Without pictures, repeat the lines of the entries from the one containing "(N_0279)TASAKI アコヤパール直径 約6.7mm-7.5mm" through the last, both ends included, and nothing else.

########

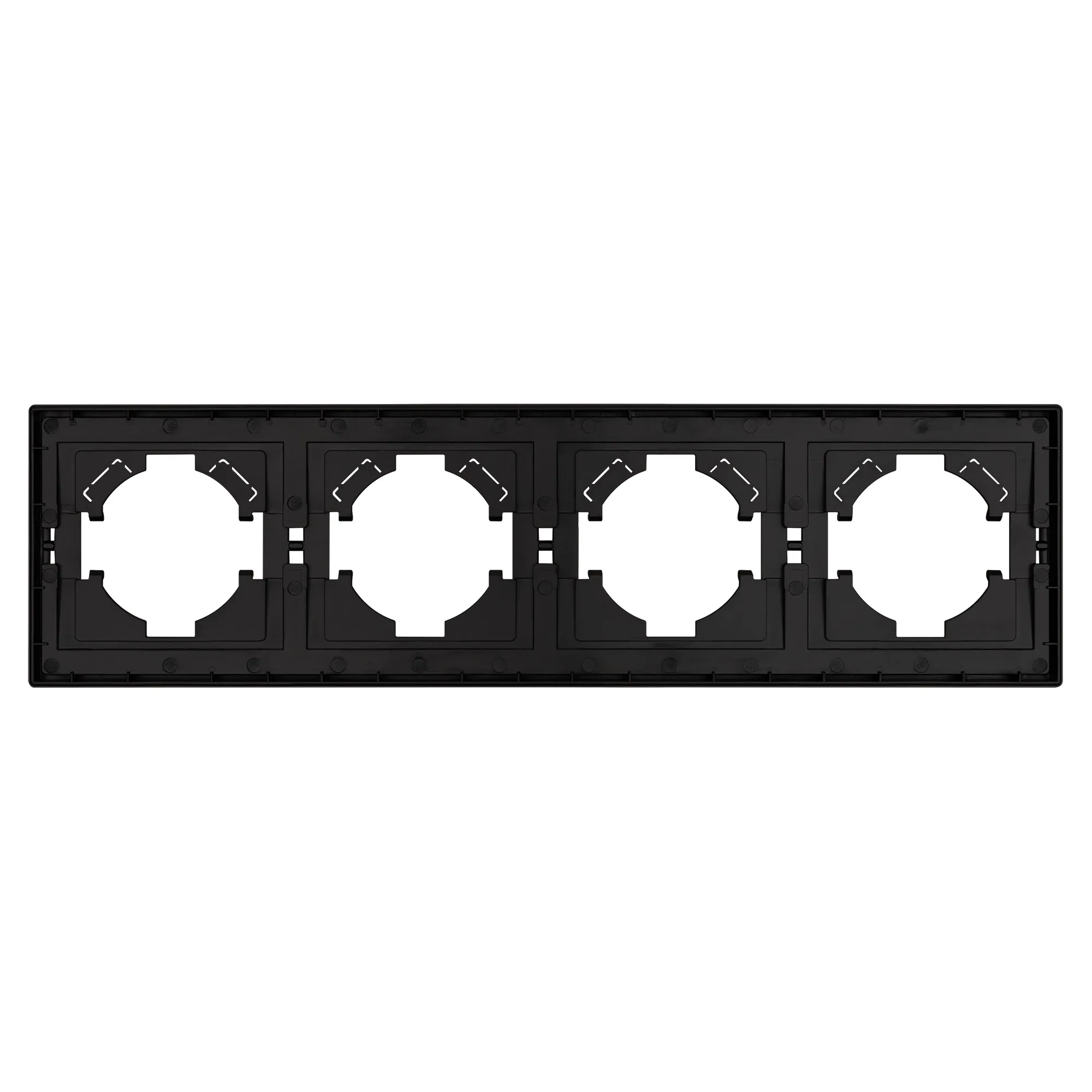 Рамка пластиковая на 4 поста, под встраиваемый механизм. Цвет - черный, с Soft-Touch покрытием. Среднего уровня герметичности IP20. Ориентация монтажа горизонтальная.
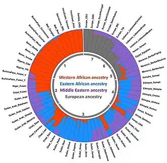 - ^ Kulichova I, et al. (2017). "Internal diversification of non-Sub-Saharan haplogroups in Sahelian populations and the spread of pastoralism beyond the Sahara". American Journal of Biological Anthropology. 164 (2): 424–434. doi:10.1002/ajpa.23285. PMID 28736914.
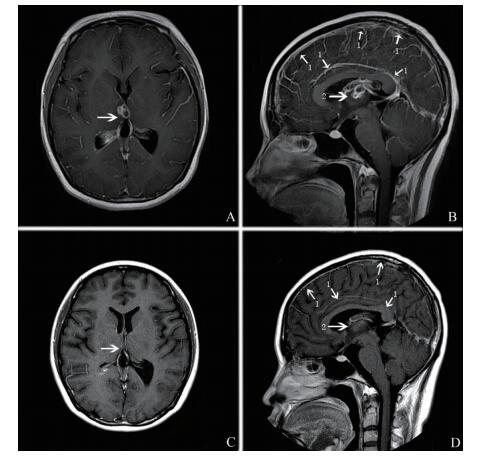 图 1 CNS诺卡菌感染例1患者头颅MRI A、B:治疗前头颅MRI增强图像显示右侧基底节片状异常信号影呈环状明显强化,并突向第三脑室内(A中箭头及B中箭头2所指处),有明显脑膜强化(B中箭头1所指处); C、D:治疗后头颅MRI增强图像显示右侧基底节片状异常信号影消失(C中箭头及D中箭头2所指处),未见明显脑膜强化(D中箭头1所指处) |
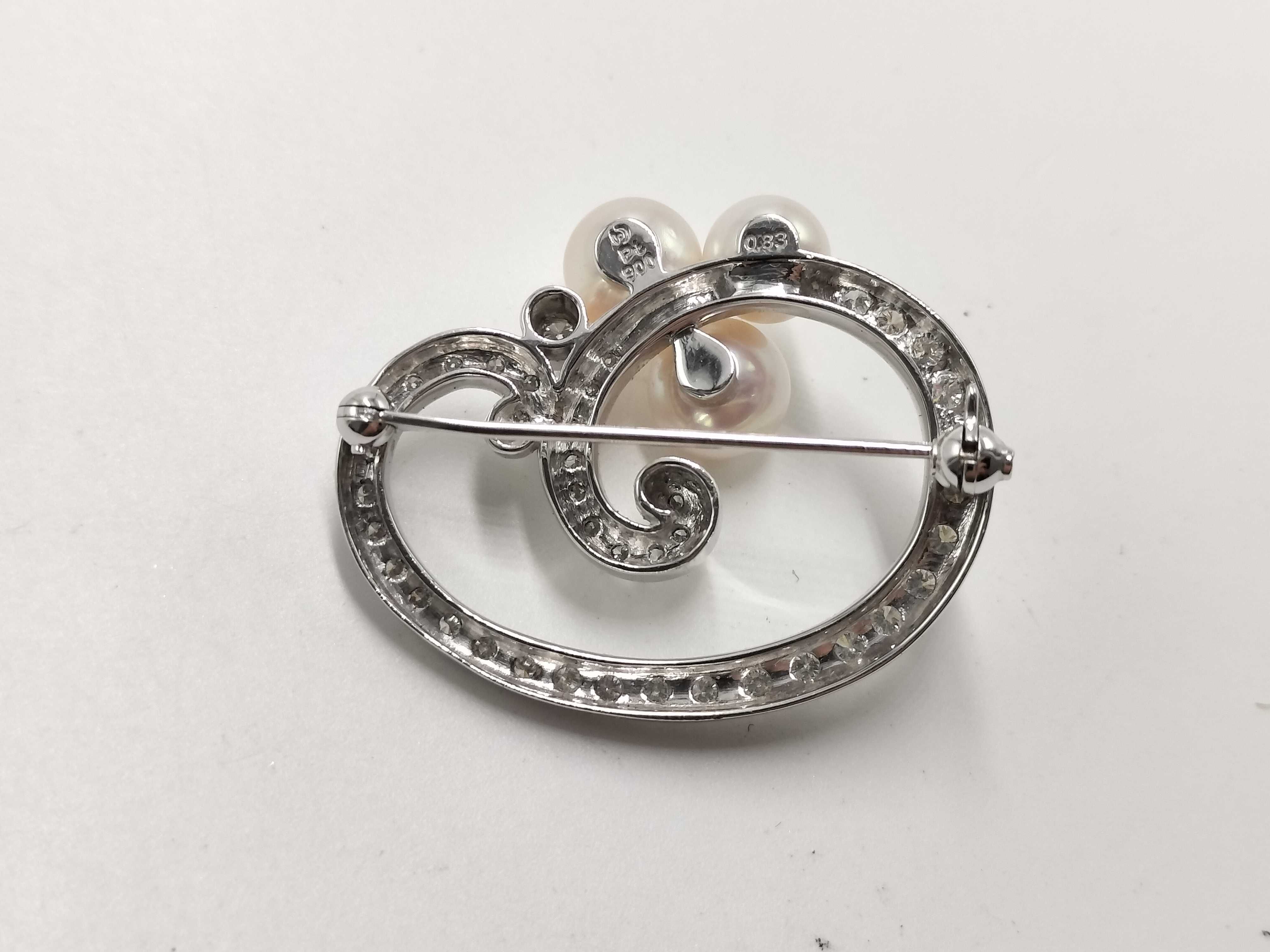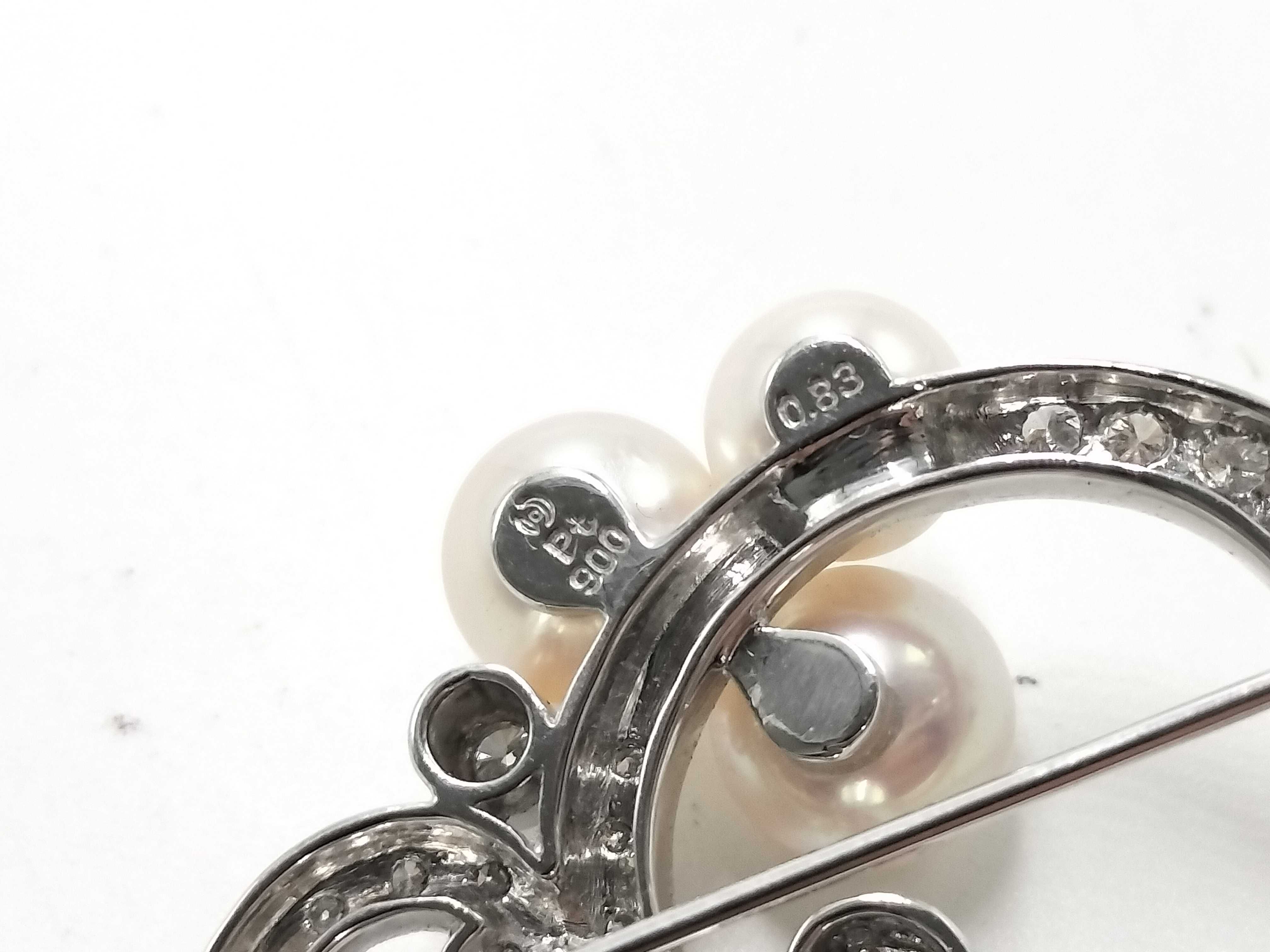 (N_0279)TASAKI アコヤパール直径 約6.7mm-7.5mm D0.83ct PT900 12.3g ブローチ(貴金属)
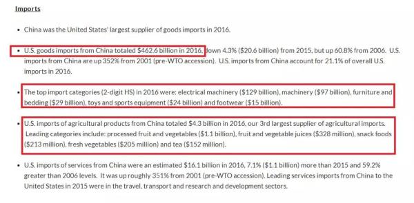 首先,從中方向美方的出口結(jié)構(gòu)來看:2016年美國從中國進口總值4626億美元,是美國最大的商品供給方。進口額最高的是電子機械類產(chǎn)品(1290億美元),機器(970億美元),家具及寢具(290億美元),玩具及運動裝備(240億美元),鞋類(150億美元)。此外,從中國進口的農(nóng)產(chǎn)品總額43億美元(這已經(jīng)是美國第三大農(nóng)產(chǎn)品供應(yīng)方了),其中占比最高的是加工后的水果及蔬菜(11億美元),水果及蔬菜汁(3.28億美元),快餐休閑類食品(2.13億美元),新鮮蔬菜(2.05億美元)及茶葉(1.52億美元)。

########

Result of this exercise:
 (N_0279)TASAKI アコヤパール直径 約6.7mm-7.5mm D0.83ct PT900 12.3g ブローチ(貴金属)
 首先,從中方向美方的出口結(jié)構(gòu)來看:2016年美國從中國進口總值4626億美元,是美國最大的商品供給方。進口額最高的是電子機械類產(chǎn)品(1290億美元),機器(970億美元),家具及寢具(290億美元),玩具及運動裝備(240億美元),鞋類(150億美元)。此外,從中國進口的農(nóng)產(chǎn)品總額43億美元(這已經(jīng)是美國第三大農(nóng)產(chǎn)品供應(yīng)方了),其中占比最高的是加工后的水果及蔬菜(11億美元),水果及蔬菜汁(3.28億美元),快餐休閑類食品(2.13億美元),新鮮蔬菜(2.05億美元)及茶葉(1.52億美元)。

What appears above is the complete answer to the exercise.